REQUIRED WORK: Please copy out each line of the entries in which "Sîncioi" appears.

LISTED ENTRIES:
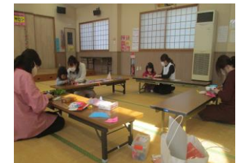
牟礼岡子育てサロン ひな祭り製作
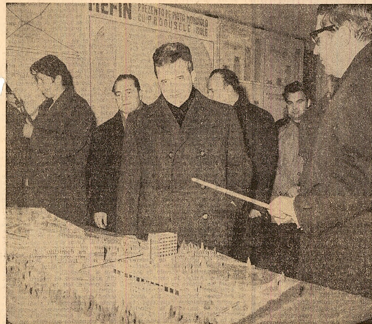
În fața machetei care înfățișează dezvoltarea viitoare a Uzinei de mecanică fină din Sîncioi

acestea, a posibilităților de exportare a produselor uzinei din Sîncioi, produse apreciate unanim de parteneri.
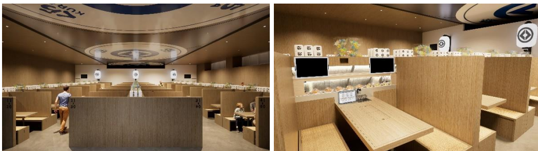
万博店舗内観イメージ

「回転ベルトは、世界を一つに。」をコンセプトに、始まりも終わりもない回転ベルトで結ばれる回転寿司を通じ、万博に訪れた世界中の皆さんが笑顔になり、楽しい食体験ができる場を提供したいと考えています。この回転ベルトで提供する商品は、くら寿司定番のお寿司をはじめ、世界の食が集結する店舗として、万博に出店する国や地域の代表的なメニューを取りそろえる予定です。席に座ると、目の前に次から次へと流れてくる世界の名物料理が楽しめます。
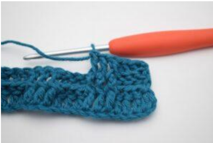
7. Haak 1 RstkV om de volgende 2 Stk.
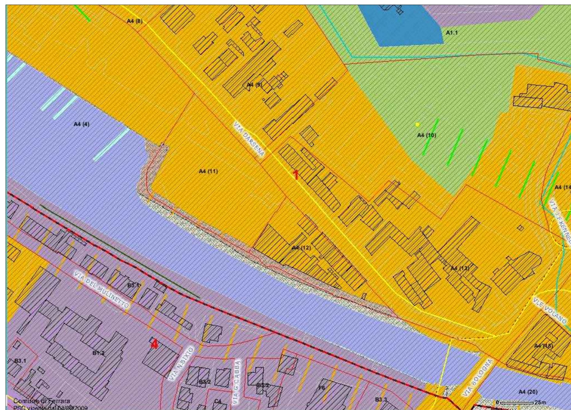
ESTRATTO CARTOGRAFICO - PSC DI FERRARA
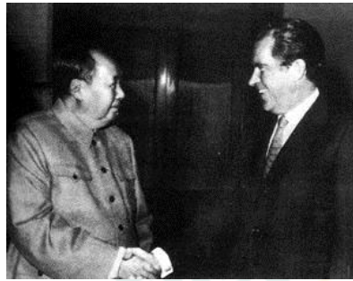
图二 毛泽东会见尼克松
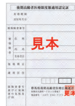
限度額適用・標準負担額減額認定証
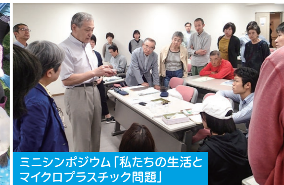
ミニシンポジウム「私たちの生活と マイクロプラスチック問題」
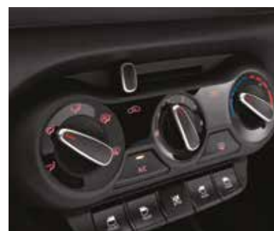
Кондиционер с ручным управлением
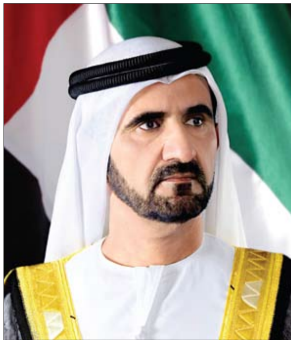
حفظ الله بلادنا، ونعقد برحمته ومغفرته أرواح شهدائنا، وأدام

إن الثلاثين من نوفمبر، يوم لتقدير الوفاء، تحلي فيه دولتنا، بقيادة شعبنا، قيم الفداء والتضحية وممارسات البطولة والإقدام، يوم تعبر فيه، نساء ورجالا، عن عظيم شكرنا ووافر امتناننا لمن بذلوا أرواحهم ودماءهم الغالية في ساحات الشرف فداء للوطن، ولتظل أمانة في الأعناق، يتعهدهم الوطن بالتقدير والحب، وتولاهم الدولة بالعناية والرعاية، فحنن من أمة تعظم الشهادة، ويكرم دينها الشهداء بأعلى الرتب، ويرفع المنازل والقامات وأحسنها، يبشرهم بالجنة، و"ألا خوف عليهم ولا هم يحزنون".
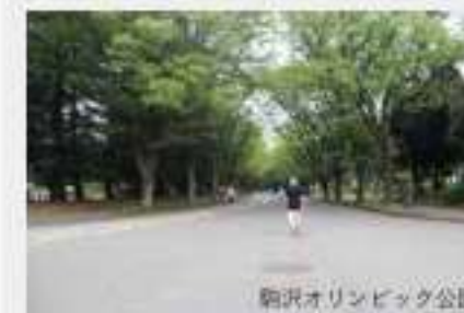
駒沢オリンピック公園

ANSWER FOR THIS EXERCISE:
În fața machetei care înfățișează dezvoltarea viitoare a Uzinei de mecanică fină din Sîncioi
acestea, a posibilităților de exportare a produselor uzinei din Sîncioi, produse apreciate unanim de parteneri.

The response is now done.